I hate to brag but… I am an expert at growing weeds. I don’t even have to work at it, I just wake up and they are there. I’m not talking about the occasional stray weed or grass that finds it’s way among the tomatoes. I’m talking about an entire garden bed full of unwanted ground cover. I was reluctant to share this picture and write this post because as a gardener it’s embarrassing. But sometimes life happens and you have to start over in the garden.
Sadly this will be my second summer without any veggies planted in our raised beds. Last year we had some remnants of herbs and strawberries from the year before that filled 2 of the raised beds. We didn’t plant anything new last spring because we knew that we would be traveling and dealing with some family issues.
Sometimes Life Happens
Our 17-year-old son had recently been diagnosed with scoliosis. At that time we were doing everything that we could to avoid surgery. He is a competitive baseball player and was going into his Junior year so our main goal was for him to still be able to play ball. Alternative methods weren’t working and his scoliosis was progressing quickly. We were fortunate to have found a groundbreaking procedure called Anterior Scoliosis Correction. We traveled to New Jersey to have the surgery performed in September. Our son was playing baseball in March.
Life was a whirlwind of traveling to find the right doctor. Fundraising to help pay for the surgery. As well as everyday life. So working in the garden was not even on our minds, much less on our to-do list. We decided that we would just start over in the spring.
It’s Spring, now what?
Spring brought baseball and a lot of indifference toward the garden. We love having fresh food that we grew ourselves, but after the year that we had just lived a garden didn’t seem that important. So we began to clean out the beds but didn’t plant anything again. Our goal this spring was to repair the chicken coop and get the garden ready for the fall. That is where we are at today in the hot month of June. We removed all of the grass and weeds from the beds last month. And this is what they look like now. We grew weeds!Download a free Spring Garden Checklist
Are you an expert too?
There is no shame in losing control of your garden. The most important thing is to pull the weeds and start over. The question is, “how do you keep the weeds out?” Three of these beds were completely free of grass and weeds 3 weeks ago. They are the ones with the bright green flourishing crabgrass. I know as soon as I pull it out, more is going to grow in its place. So I am going to experiment with some different ways to keep the unused garden beds free of weeds and grass.
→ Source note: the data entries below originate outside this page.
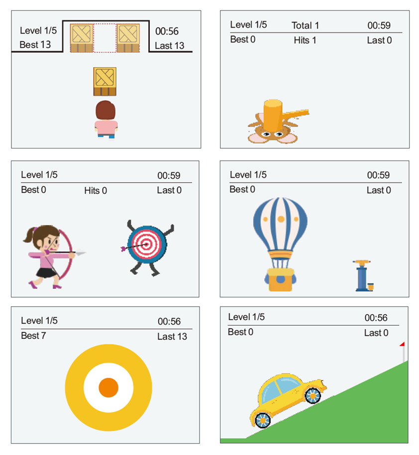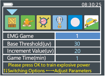 - EMG-Spielmodus - dies ist ein aktives Training, bei dem der Benutzer die Muskeln des behandelten Bereichs mit Hilfe von Animationen aktiviert. Es gibt 6 Spiele, aus denen der Benutzer wählen kann.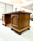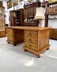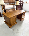 Двотумбовий письмовий стіл виготовлений у Нідерландах із масиву дуба, що гарантує його міцність та стійкість на довгі роки. Завдяки класичному дизайну та природній текстурі дерева він стане головним елементом вашого робочого простору. Стіл має велику робочу поверхню та продуману систему зберігання: з одного боку розташована містка тумба з дверцятами, а з іншого три висувні шухляди для документів та канцелярії.⠀⠀ ⠀Вигнуті ніжки та різьблені фасади додають моделі особливого вінтажного шарму, який ідеально підходить для кабінету чи домашньої бібліотеки. Натуральне дерево створює приємну атмосферу для роботи, а надійна конструкція дозволяє витримувати значні навантаження. Це якісні європейські меблі, які підкреслюють статус та додають інтер'єру затишку.⠀⠀Характеристики: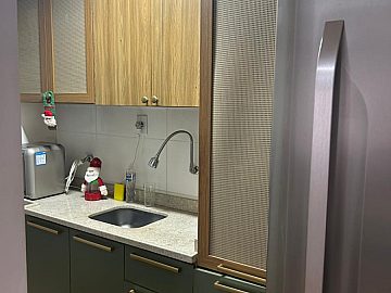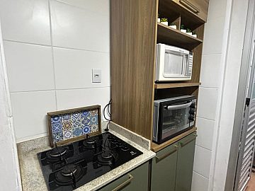 Ficam no apartamento os móveis da cozinha, do quarto de casal, o balcão do banheiro e o painel da sala da tv e espelho.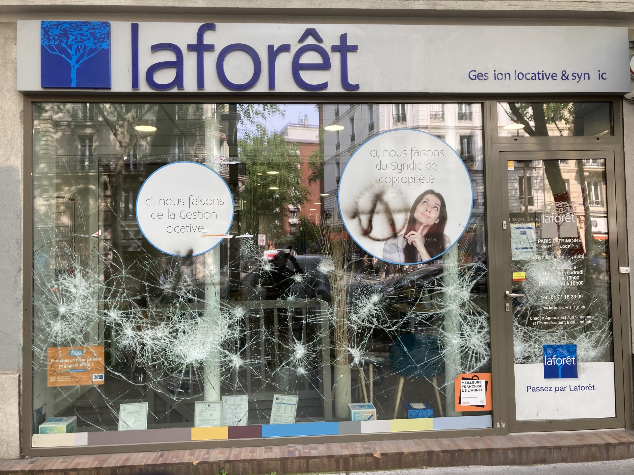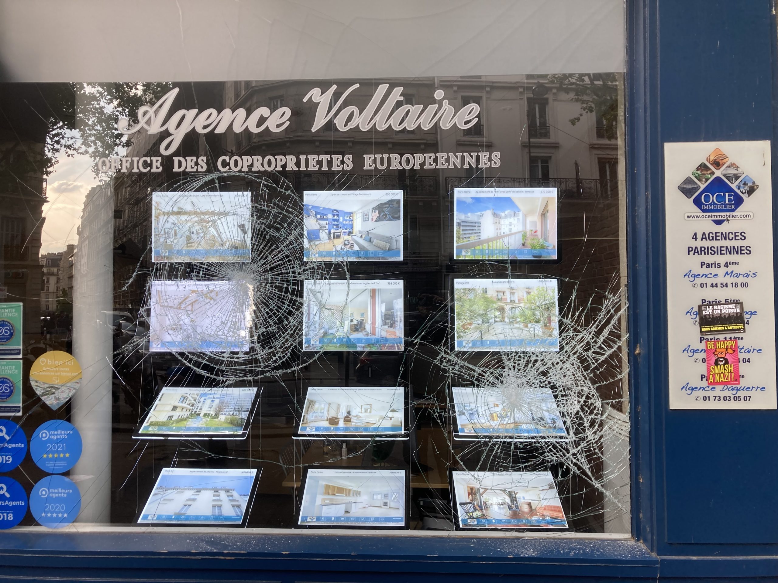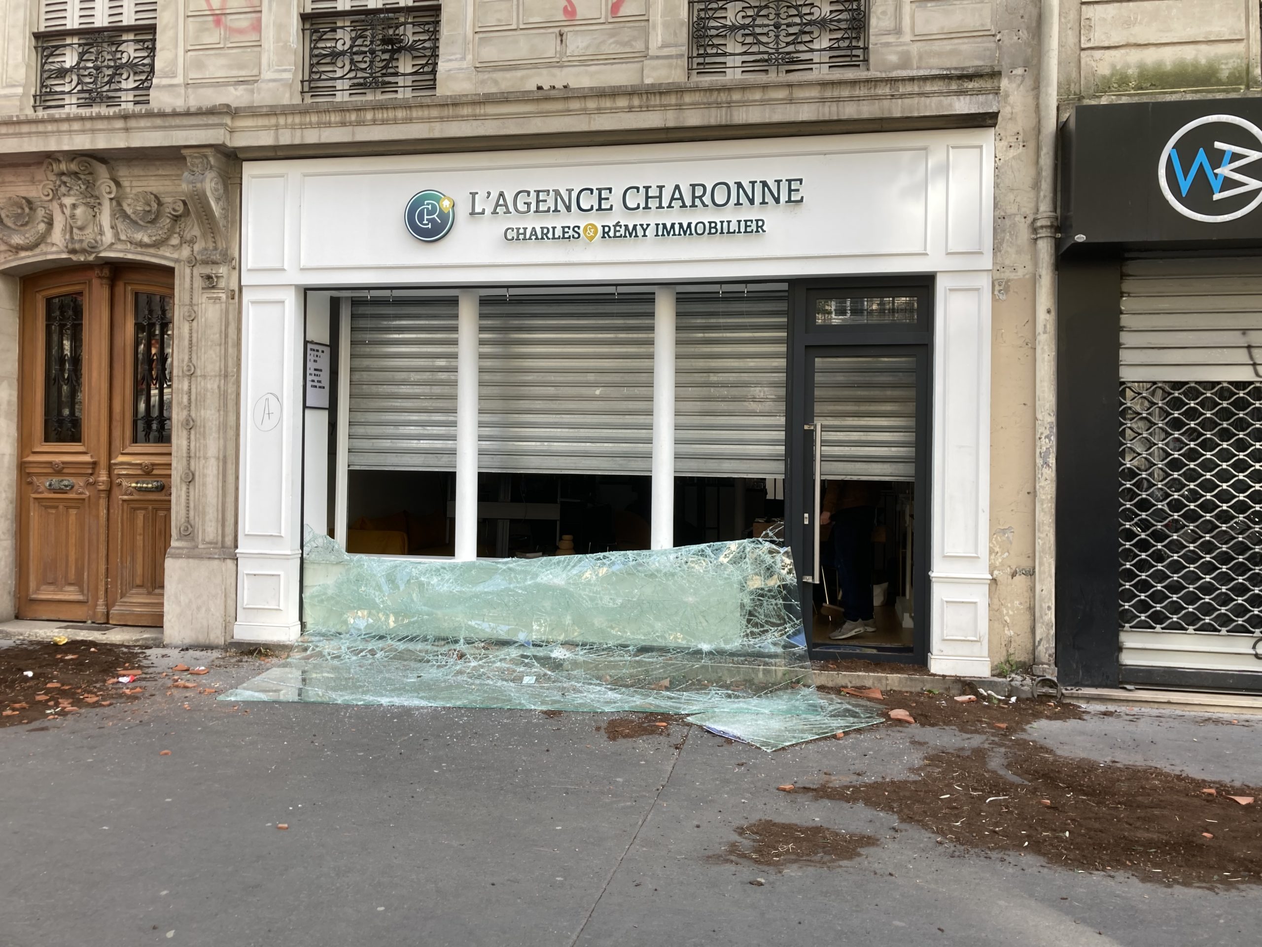 Dimanche soir, l’agence immobilière Charonne, devant la station de métro du même nom, avait vu sa devanture entièrement désossée. Le rideau métallique avait joué son rôle protecteur en limitant la casse et en préservant l’intérieur du bureau, mais le sol maculé de terre et de débris de pots de fleurs témoignait de l’âpreté de la bataille livrée en ces lieux. Ce lundi matin, le volet métallique était levé et les locaux totalement accessibles. Sur un des deux piliers centraux, une affichette mentionnait avec humour : « Votre agence reste ouverte… encore plus que d’habitude ».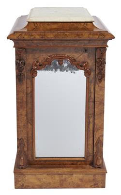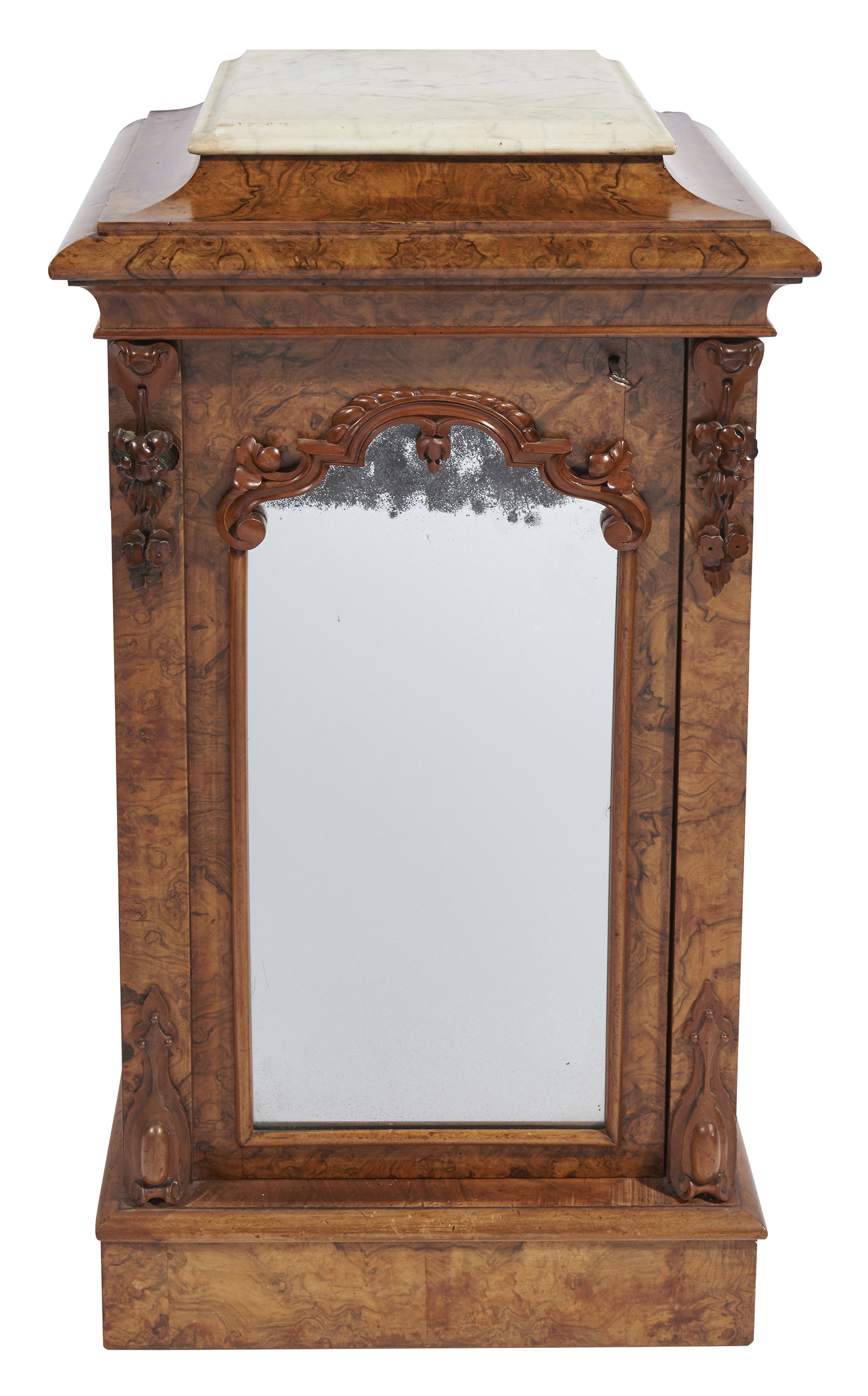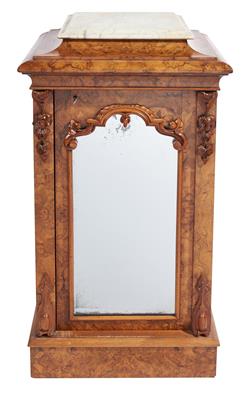 wear to body in places, mirrors faded consistent with age and use. keys present. felt interior replaced. minor chips to carving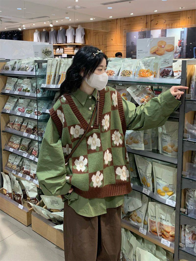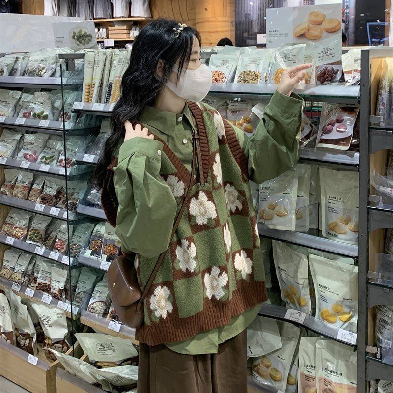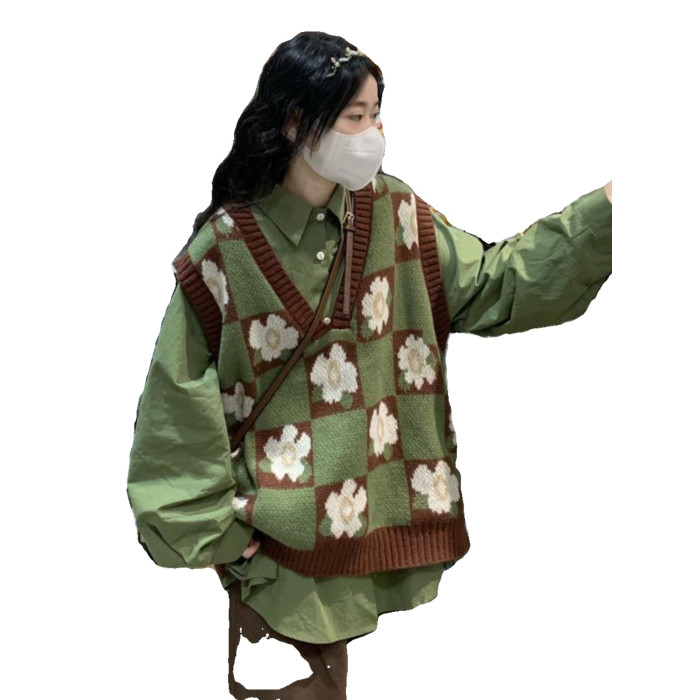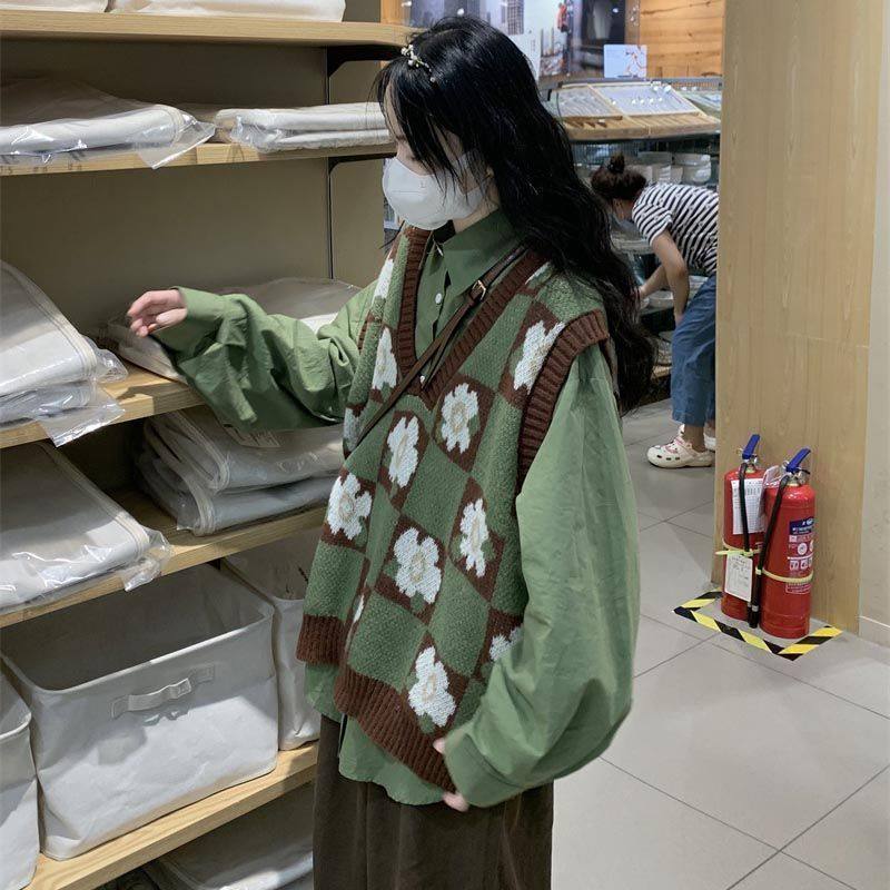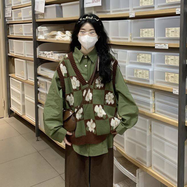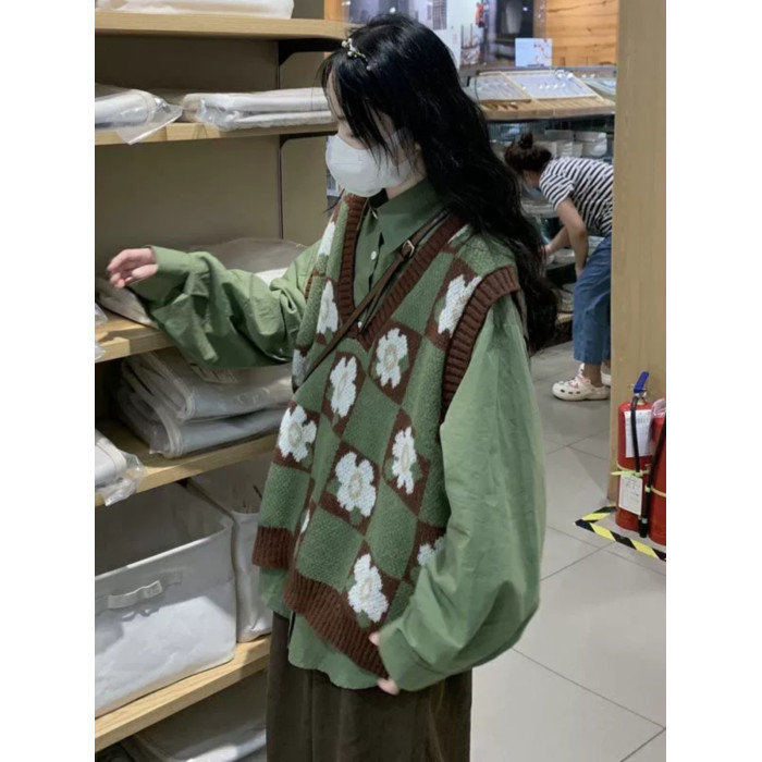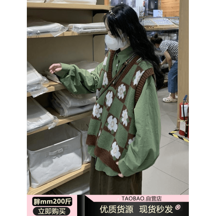 胖MM200斤特大碼套裝甜美小花拼色曡穿針織毛衣馬甲背心綠色襯衫

The updated results are at the end of the post.
How to stop growing weeds
I will choose a different method for each bed and let you know what works and what doesn’t. First will pull the weeds and grass out of the 3 that were clean 3 weeks ago because they aren’t deeply rooted. The others are going to take some work to get everything out of them but it’s got to be done at some point.
Here are the methods that I am planning to use:
- Black landscaping fabric
- Wood Shavings/Mulch
All 3 methods involve blocking sunlight to the seeds to prevent them from sprouting. The chosen method will be the one that blocks the light most effectively with the least amount of cost.
I put the black landscaping fabric on 5 of the 7 raised beds because it was the easiest and seems like it might be the best option. There was already a roll of fabric left over from the original installation of the beds laying around so it didn’t cost me any additional money.
I covered 1 raised bed with mulch that we had left over from mulching the trees. To cover the bed I used about 1 1/2 bags so my total cost was $5.50.
I had planned on covering the last raised bed with cardboard, however, I ended up putting a piece of plywood that was laying around from the construction of the chicken coop. It doesn’t cover the sides of the bed but it will block out enough sun to keep the weeds from growing. I was also concerned with keeping the cardboard weighted down enough with the Oklahoma wind. I kept singing our state song, “Oklahoma, where the wind comes sweepin’ down the plain.”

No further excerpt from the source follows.